++++ EXTRACTED ENTRIES ++++
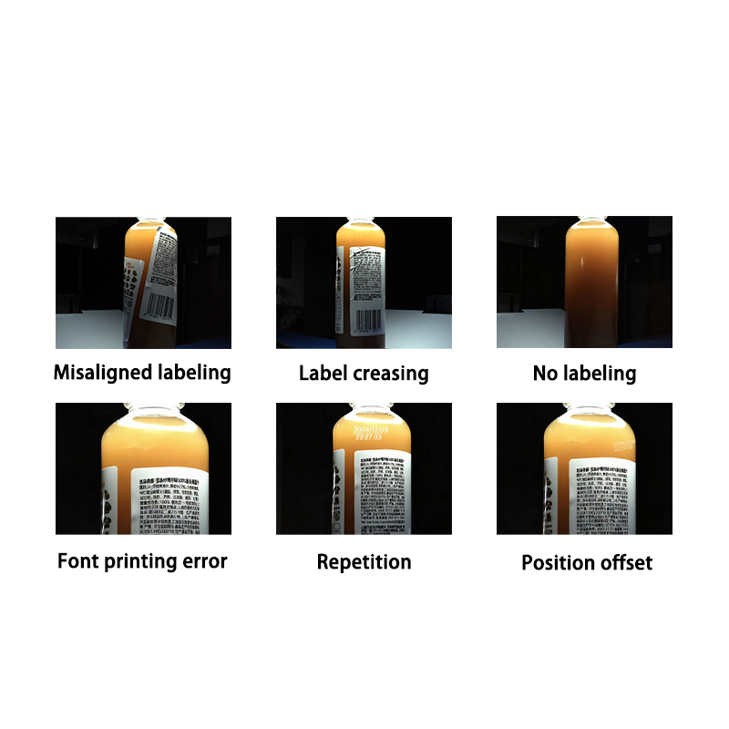 Sistema de detección visual de etiquetas de botellas personalizadas | Equipo de control de calidad de embalaje automatizado
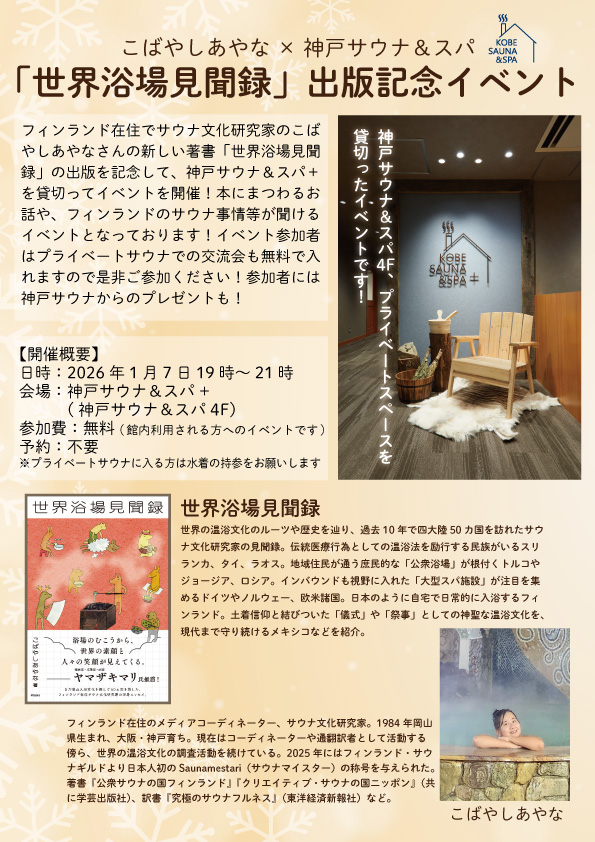 フィンランド在住でサウナ文化研究家のこばやしあやなさんの新しい著書「世界浴場見聞録」の出版を記念して、神戸サウナ&スパ+を貸し切ってイベントを行います!
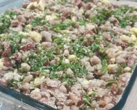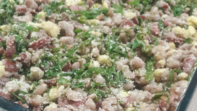 Acrescente o feijão e todo os outros ingredientes em um refratário.
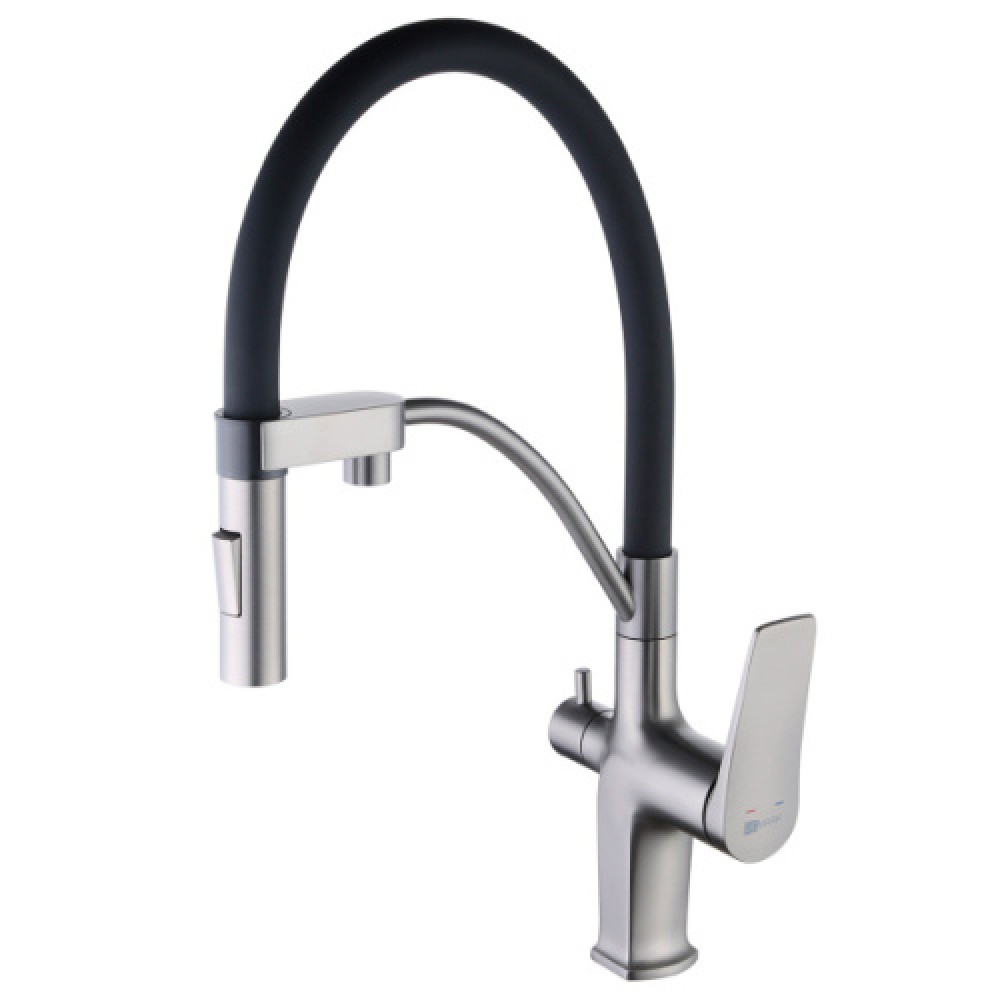 Смеситель для питьевой воды Lemark Bronx с гибким изливом графит LM3761GM Hanex
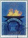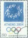 ・ 日本画家の村居正之氏によって描かれたオリンピア遺跡に「聖火」のイメージを加え、オリンピックシンボルを上部中心にデザインしました。シート余白のパルテノン神殿もまた、村居正之氏によるものです。
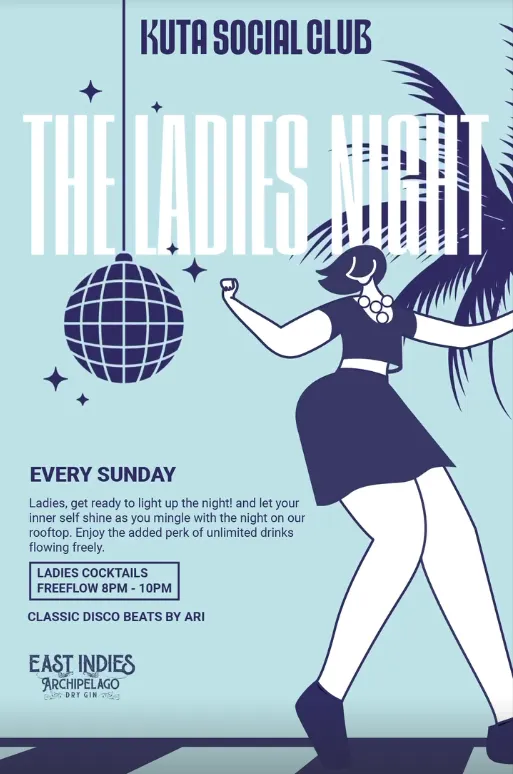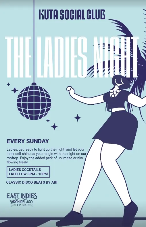 Join us for Ladies Night at Kuta Social Club Bali, happening every Sunday. Indulge in an evening of luxury where ladies can enjoy free-flowing cocktails from 8 PM to 10 PM. Treat yourself to an array of delicious drinks while soaking in the vibrant atmosphere of Kuta Social Club. It's the perfect way to unwind and celebrate the weekend with your friends!
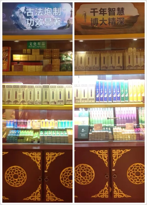 普药销售区的后方有两排立式货柜,摆放着采用经典藏香组方特制而成的班智达藏香,包括保健香、古香、极品供香、盘香、香囊(香包)、便携药香和四季养生等7大系列。据店员介绍,每年都会有特定的顾客大批量购买这些藏香(包括港澳地区),有时候客单可在十万元以上。
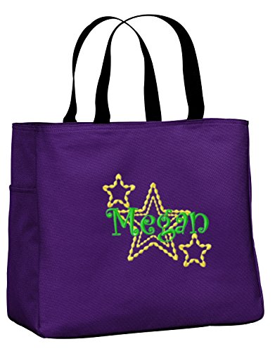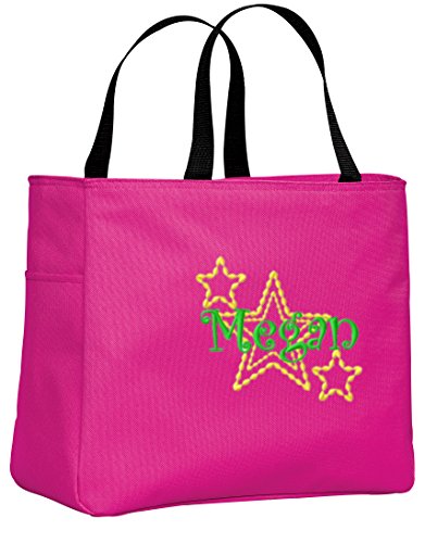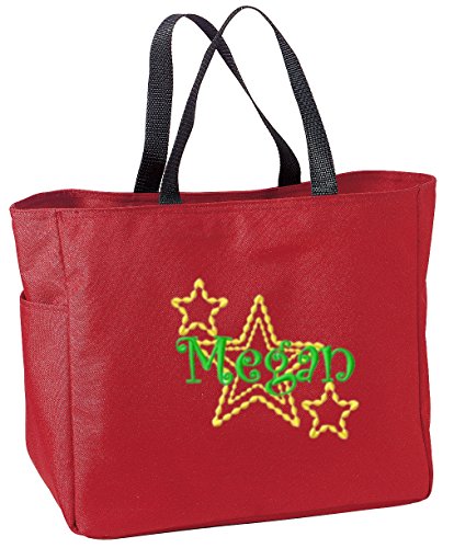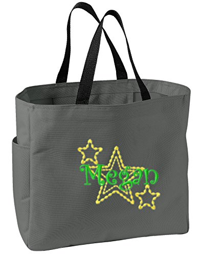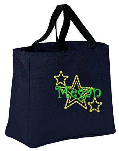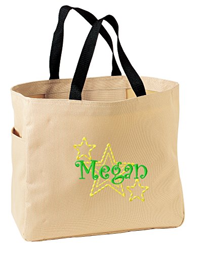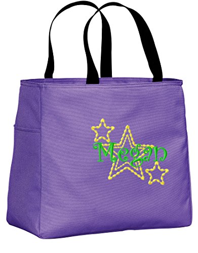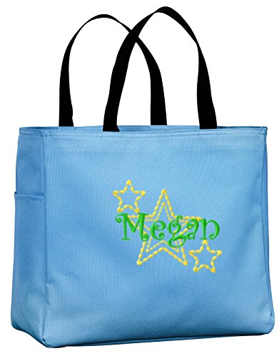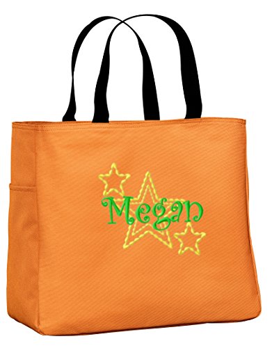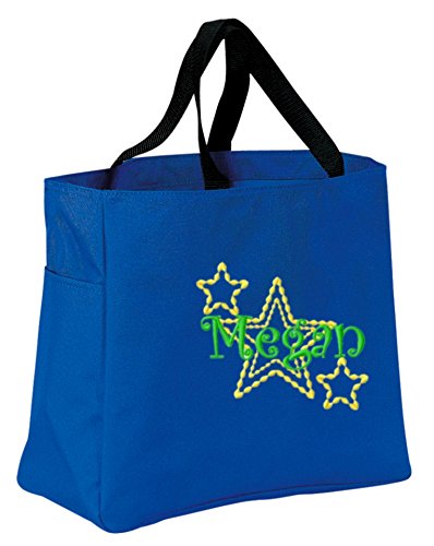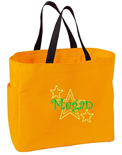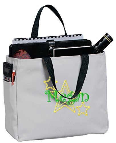 Product Description Extras Large Main Section with Small Interior Self-Fabric Pockets Keeping organized while on the go has never been easier thanks to this Stars personalized, heavy-duty canvas essential tote bag with web fabric handles by all about me company. This tote bag by all about me company is the perfect companion for a day at the beach, the flea market, or in the office, and is roomy enough to fit all your essentials. This bag also comes with an inside pouch that can be used to hold pencils, pens, or other small items. Material 600 Denier Polyester Canvas makes this bag heavy enough to hold anything you can fit into it without worrying about rips or tears. The seams on this bag are tightly sewn to ensure it will not break apart when put to the test because you deserve the best! Size The measurements for this bag are 12 inches wide by 12 inches high by 6.5 inches deep with approximately 930 cubic inches of space. This makes it big enough to carry multiple essential items such as your wallet and sweater, in addition to other accessories such as sunscreen, water bottles, books and much, much more! The bag also comes with an exterior side pocket to hold other smaller items like a small notepad and pen. It can also be used as an extra shopping bag at farmer?s markets and flea markets. Closure and Handles This bag comes with strong, webbed straps that are made of heavy duty material that can hold everything you ask you it to. The handles are sewn into the inside of the bag and are built to withstand everything you can stuff into this bag. Color NEED TO CHECK 0
++++
● **ACTION ITEM**: Pictures excluded, reproduce only the part above that opens with the line holding "Смеситель для питьевой" and closes with the line holding "普药销售区的后方有两排立式货", exactly as written.

● **TASK RESULT**:
 Смеситель для питьевой воды Lemark Bronx с гибким изливом графит LM3761GM Hanex
 ・ 日本画家の村居正之氏によって描かれたオリンピア遺跡に「聖火」のイメージを加え、オリンピックシンボルを上部中心にデザインしました。シート余白のパルテノン神殿もまた、村居正之氏によるものです。
 Join us for Ladies Night at Kuta Social Club Bali, happening every Sunday. Indulge in an evening of luxury where ladies can enjoy free-flowing cocktails from 8 PM to 10 PM. Treat yourself to an array of delicious drinks while soaking in the vibrant atmosphere of Kuta Social Club. It's the perfect way to unwind and celebrate the weekend with your friends!
 普药销售区的后方有两排立式货柜,摆放着采用经典藏香组方特制而成的班智达藏香,包括保健香、古香、极品供香、盘香、香囊(香包)、便携药香和四季养生等7大系列。据店员介绍,每年都会有特定的顾客大批量购买这些藏香(包括港澳地区),有时候客单可在十万元以上。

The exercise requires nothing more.